Cet étrange film d’invasion, mâtiné de body snatcher aux accents délicieusement
absurdes, s’avère autant une dissection anthropologique des interactions
communautaires régissant la société japonaise – la famille, la propriété, le
travail ainsi que le couple – que des dérives occasionnées par cet
environnement exacerbé comme le harcèlement, le cloisonnement et la détresse
affective. Cet opus s’avère en outre un petit précis de mise en scène dont
Kiyoshi Kurosawa a le secret entre cadrages alertes pour la composition des
plans, sur-cadrages millimétrés des personnages en fonction de l’importance que
ceux-ci revêtent et effets de dissonance inattendus comme cette ouverture sanglante
semi-burlesque sur une illustration musicale entraînante.
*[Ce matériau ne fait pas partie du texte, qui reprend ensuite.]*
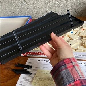 Such a classic and beloved game. We loved playing this at the cabin with young kids all the way up to grandparents. Instructions included in box and there are quick YouTube tutorials to follow to get the hang of the idea. This is old and well used. The box is a little beat up but the contents/game pieces are good. Buyer please note one support leg missing from stand but it still holds the tiles up with one leg no problem. See photos. My best estimate based on my age is that this is from mid-90s. We’ve had it forever.
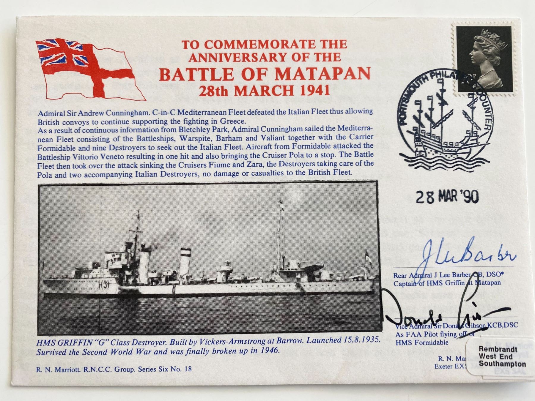 WWII Anniversary of Battle of Cape Matapan Commemorative Signed Cover Autographed by Rear Admiral J Lee Barber and Vice Admiral Sir Donald Gibson - 28th March 1990. 5x7 inches
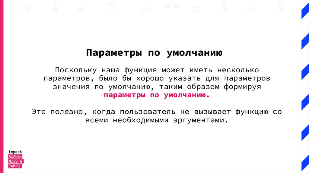 Параметры по умолчаниюПоскольку наша функция может иметь несколько
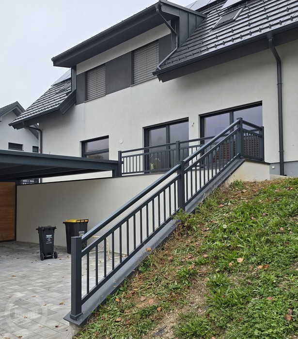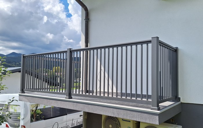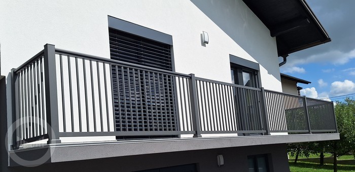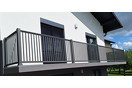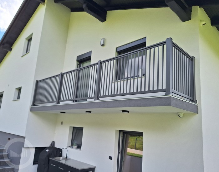 Das Vertikalbalkongeländer besteht im Ganzen aus Aluminium und ist aus scharfkantigen Stäben zusammengesetzt. Anhand seiner klaren und reinen Linien ist es ideal für moderne, minimalistische Gestaltung Ihres Wohnraums. Es handelt sich um ein beständiges Aluminiumaußengeländer, das keine Wartungsarbeiten benötigt.
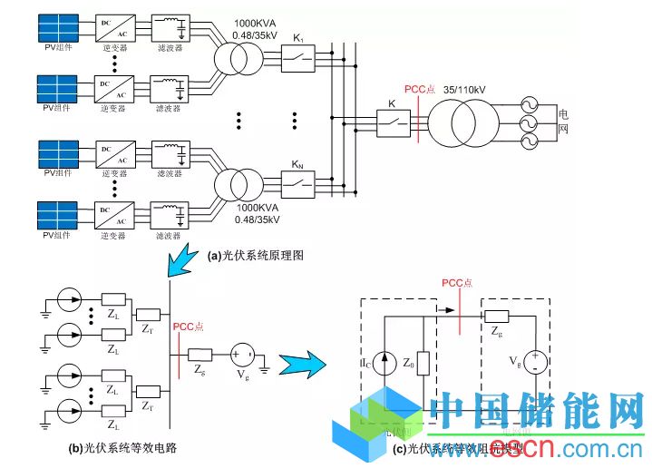 圖3 光伏系統(tǒng)原理圖及等效阻抗模型
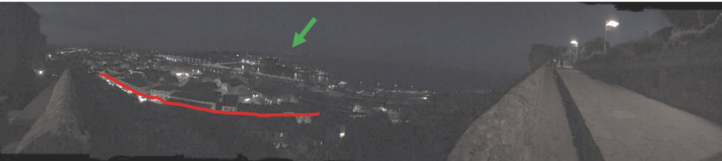 Der rote Strich ist das Hauptgässlein mit den vielen Läden. Der grüne Pfeil zeigt auf die Lichter von Marina di Grosseto.
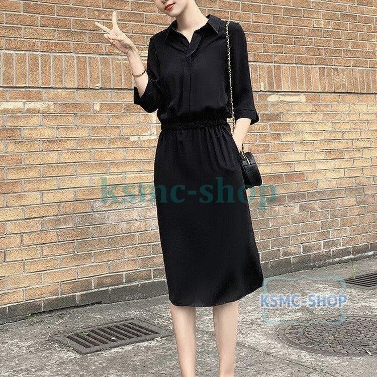 ワンピース シャツワンピ レディース 五分袖 マキシ丈 きれいめ 韓国風 7201
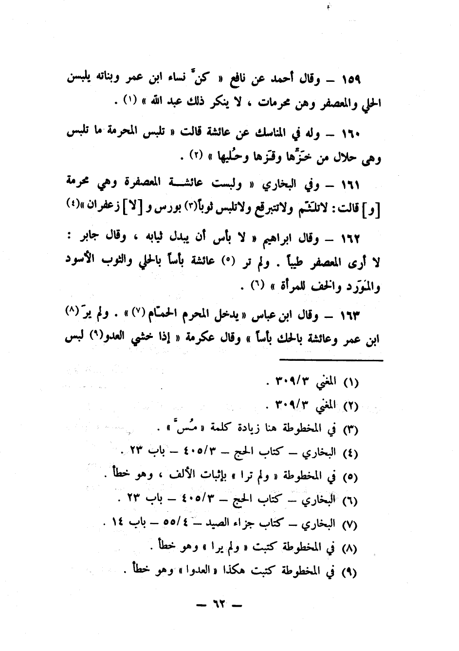 159- وقال أحمد عن نافع: "كُنَّ نساء ابن عمر وبناته يلبسن الحلي والمعصفر، وهن محرمات" لا ينكر ذلك عبد الله1.
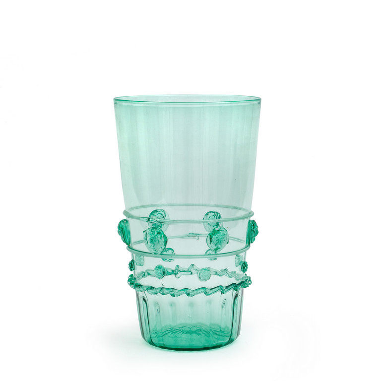 Un vaso in vetro trasparente verdino
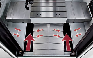 運(yùn)用貝塞爾好的支點(diǎn)的設(shè)計(jì)概念,提供了 Y 軸鞍座最穩(wěn)固的支撐,并確保全長彎曲量達(dá)到最小,大幅提升工作臺的動態(tài)精度
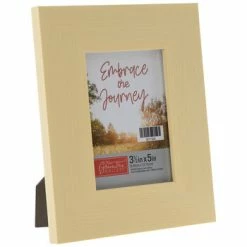 Fill your home with photos of cherished memories, friends, family, and more! Light Yellow Distressed Wood Look Frame sports a flat, plastic frame with a brushed, light yellow wood grain appearance and an MDF photo back. Plus, its clear glass screen will display and protect your chosen photo. Set it out on a shelf or a mantel for a fantastic way to fill your space with sentiment!
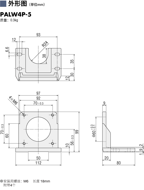 | 说明 | 安装尺寸85 mm电动机用 L型底座。 |
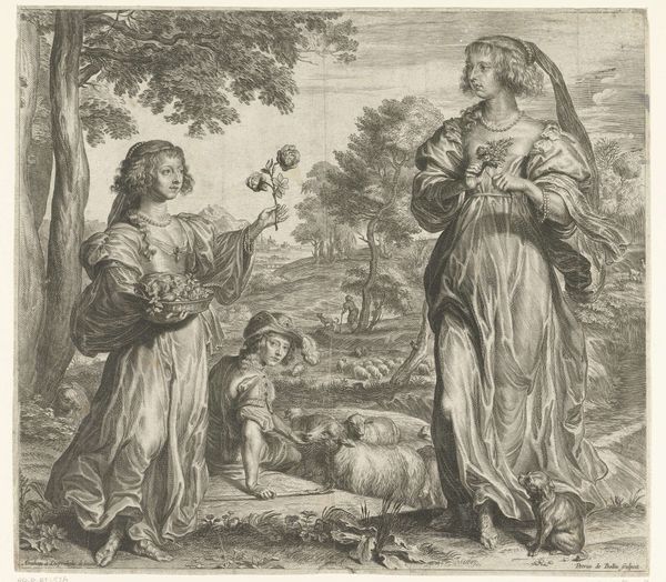 Curator: "Portrait of a Lady and a Boy, with Pan," painted by John Hayls, presents a staged, almost theatrical scene. Editor: It feels strangely dreamlike. The figures are bathed in an ethereal light, but there's a subtle tension in the composition. Curator: The painting appears to blend classical allegory with contemporary portraiture, a reflection of how art served to elevate its subjects in the Stuart era. The integration of Pan suggests a playful connection to nature and perhaps hints at the sitters’ refined tastes. Editor: Notice the detail in the gown; the lustrous fabric, the subtle interplay of light and shadow – it's all meticulously rendered. And what of the Cupid figures hovering above? Curator: Symbols, undoubtedly, of earthly and perhaps divine love and favor. Yet, this idealized representation, in its performance of status, tells us much about the aspirations of the sitters and the society that commissioned it. Editor: Indeed, a fascinating tableau that blends mythology, portraiture, and the subtle performance of social standing. Curator: I agree; a work that invites us to consider the layers of meaning embedded within its elegant surface.
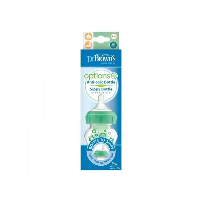 DR.BROWN'S pudelīte pārejas OPTIONS+ ar platu kaklu, zaļa 270ml + silikona uzgalis
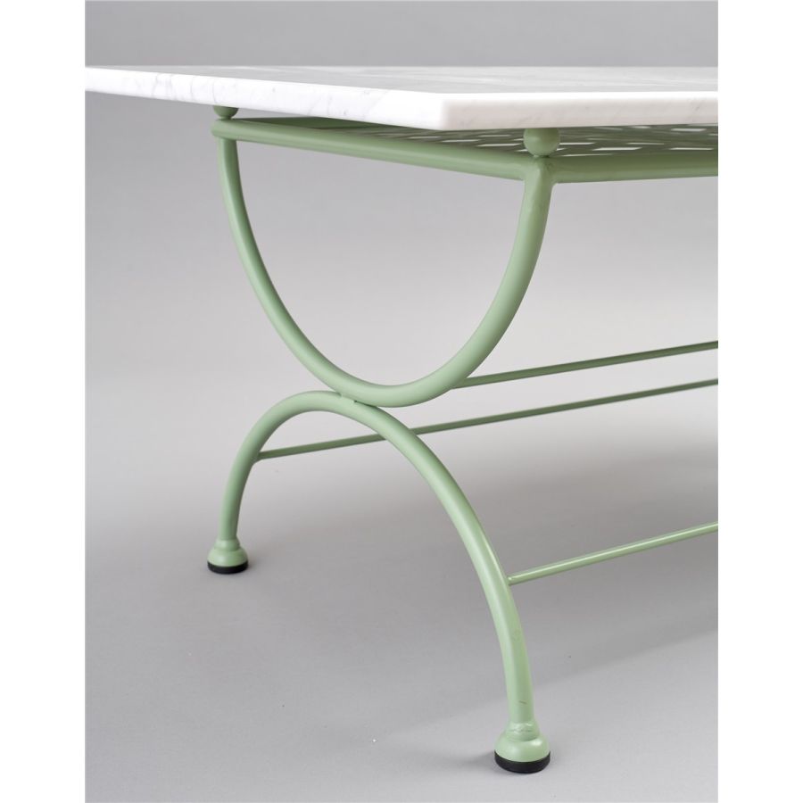AISI 304 rectangular coffee table with marble glass, powder-coated.
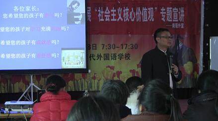 ? 為進一步增進家校之間的聯系,促進學校與家庭、教師與家長的交流溝通,更好的形成家校教育的合力,12月17日下午,南昌現代外國語學校舉辦了“智慧父母,成長導航”家庭親子教育服務公益活動,著名“親子教育專家、中國親子英語第一人”陳林老師為家長做了精彩報告,學校會議報告廳座無虛席,除我校學生家長外,其他外校學生家長近200余名慕名前來聽取了報告。
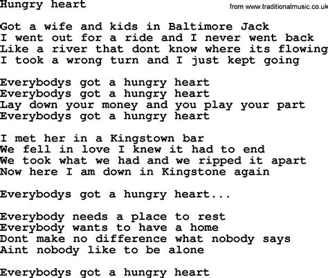 Lyrics Hungry Heart. Got a wife and kids in baltimore, jack / i went out for a ride and i never went back / like a river that don't know where it's flowin' / i took a wrong turn and i just kept goin Web got a wife and kids in baltimore, jack i went out for a ride and i never went back like a river that don't know where it's flowing i took a wrong turn and i just kept going everybody's got a hungry heart everybody's got a hungry heart lay down your money and you play your part everybody's got a hungry heart i met her in a kingstown bar we fell in.
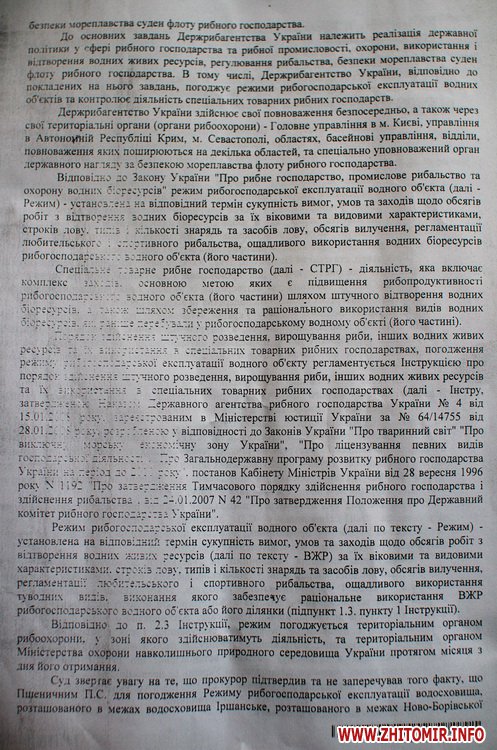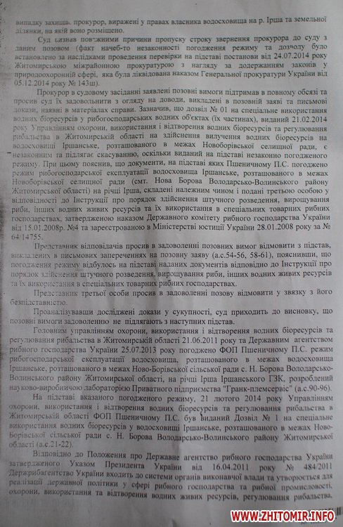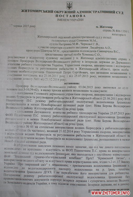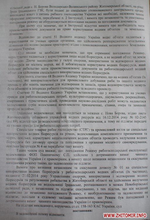 Тож звинувачення екологічної інспекції щодо незаконного здійснення промислового вилову риби на водосховищах підприємець вважає безпідставними. На підтвердження цього він надав Житомир.info копію постанови Житомирського окружного адміністративного суду від 17 червня 2015 року, якою суд відмовив у задоволенні позову прокуратури щодо визнання незаконними та скасування погоджених рибоохороною режимів та виданого дозволу ФОП Пшеничний П.С.
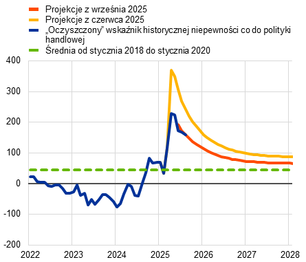 Na podstawie „nieskorygowanego” wskaźnika niepewności dotyczącej polityki handlowej, który „oczyszcza się”, żeby wykluczyć szacowany wpływ uwagi poświęconej przez media niepewności niezwiązanej z polityką handlową, efektywnymi stawkami celnymi, warunkami finansowymi ani presją w łańcuchach dostaw. Założenia przedstawione na wykresie B w ramce 2 pt. „Amerykańskie cła i niepewność co do polityki handlowej” w projekcjach z czerwca 2025 odnosiły się do nieskorygowanego wskaźnika niepewności dotyczącej polityki handlowej, natomiast w części a) wykresu B w ramce 1 przedstawiono „oczyszczony” wskaźnik.

Nanti d’un budget un
peu plus fourni que de coutume, Kurosawa peut également donner libre court à
ses envies d’action sur le tournage dont une impressionnante course
poursuite ponctuée d’explosions, où un plan séquence ample calibré pour
exploiter les effets spéciaux en post-production donne la mesure de la
confrontation imminente avec le péril alien.
Ryûhei Matsuda, acteur au faciès atypique, s’avère l’interprète
idéal pour véhiculer l’étrangeté nécessaire aux différents aspects de ce film, couplant
brillamment la romance naissante au sein d’un couple fracturé à un récit de fin
du monde. Le reste du casting impeccable donne le liant nécessaire pour que
cohabitent les ruptures de ton qui émaillent tout du long, à l’instar de Yuri
Tsunematsu qui est aussi à l’aise dans les tueries froides que dans les échanges
de dialogues cocasses. La conclusion apocalyptique renvoie dans les effets
déployés aux séquences stupéfiantes de précédents opus du réalisateur comme
Charisma ou Kaïro. Excepté que cette fois-ci, l'optimisme de Kurosawa semble prendre le dessus puisque la fin fonctionne comme un négatif à l’issue nihiliste
de Kaïro, résonnant de la charge émotionnelle déchirante du couple
formé par Ryûhei Matsuda et Masami Nagasawa.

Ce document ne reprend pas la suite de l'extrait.